13. Limitation of Liability

    The respective liabilities of Josys and Customer and its Tenants under this DPA shall be limited in accordance with the limitation of liability clause of the Agreement. For the avoidance of doubt, Josys’ total liability for all claims from the Customer and all of its Tenants arising out of or related to the Agreement and DPA shall apply in the aggregate for all claims by Customer and all of its Tenants under both the Agreement and DPA, and, in particular, shall not be construed to apply individually and severally to Customer and/or to any Tenant, regardless of whether or not Tenant is a contractual party to the Agreement andDPA.

14. Termination

    This DPA shall continue in full force until the expiration or termination of the Agreement or until Josys is no longer Processing any Personal Data of Customer.

15. Miscellaneous

    If there is a conflict between any provision in this DPA and any provision in the Agreement, this DPA shall control with regard to the subject matterof this DPA. Except for changes made by this DPA, the Agreement remains unchanged and in full force and effect.

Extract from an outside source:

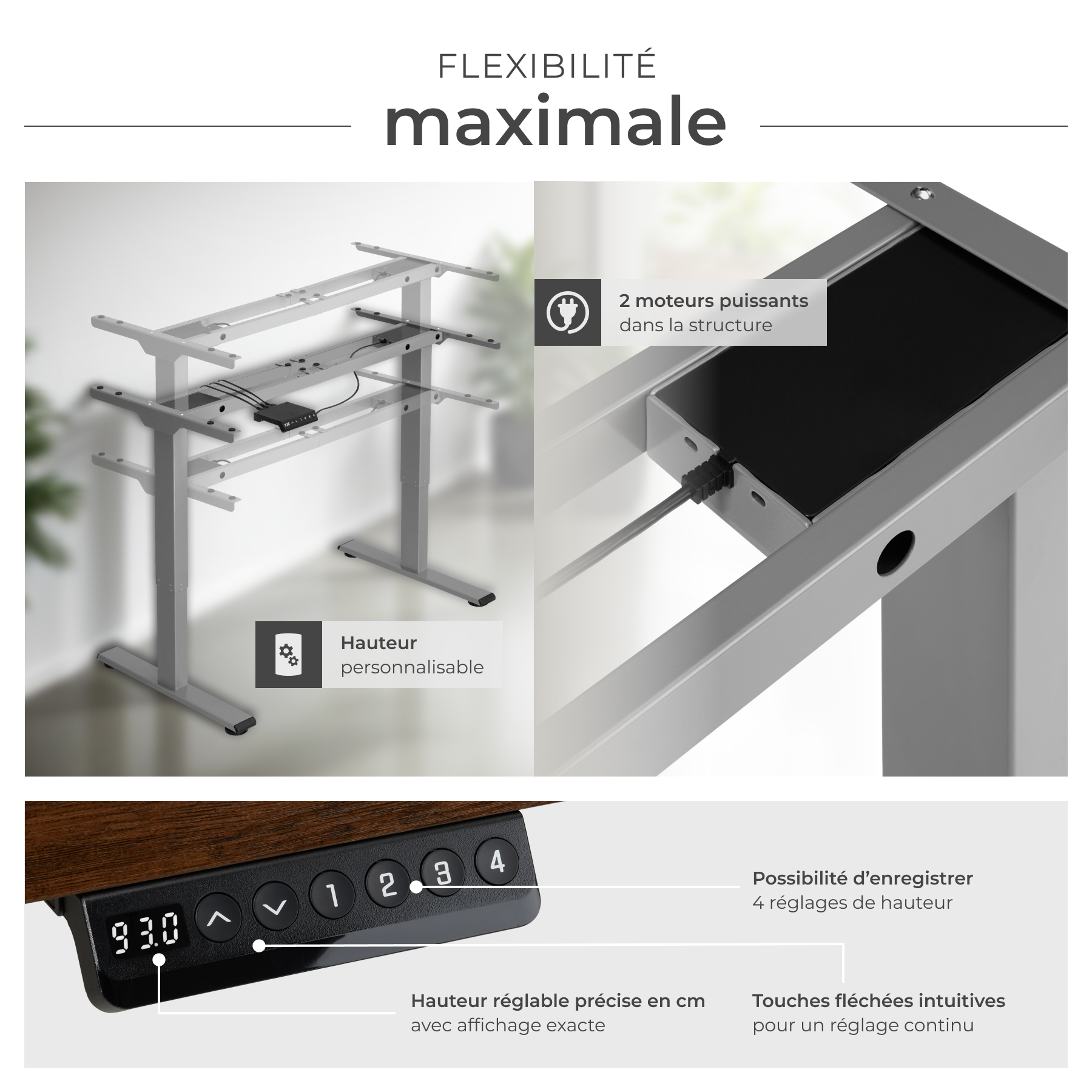 - Hauteur de cadre réglable électriquement et en continu

This DPA shall be governed by and construed in accordance with the laws of the country of territory stipulated for this purpose in the Agreement, and each of the Parties agrees to submit to the choice of jurisdiction as stipulated in the Agreement with respect to any claim or matter arising under this DPA. In case a necessary provision is missing, the Parties shall add an appropriate one in good faith. In case of conflict, the order of precedence in respect of the Processing of Personal Data shall be this DPA and then the Agreement. If the Standard Contractual Clauses are an integral part of this DPA, then the Standard Contractual Clauses shall prevail. This DPA supersedes and replaces all previous written and oral agreements, communications and other understandings relating to the subject matter of this DPA.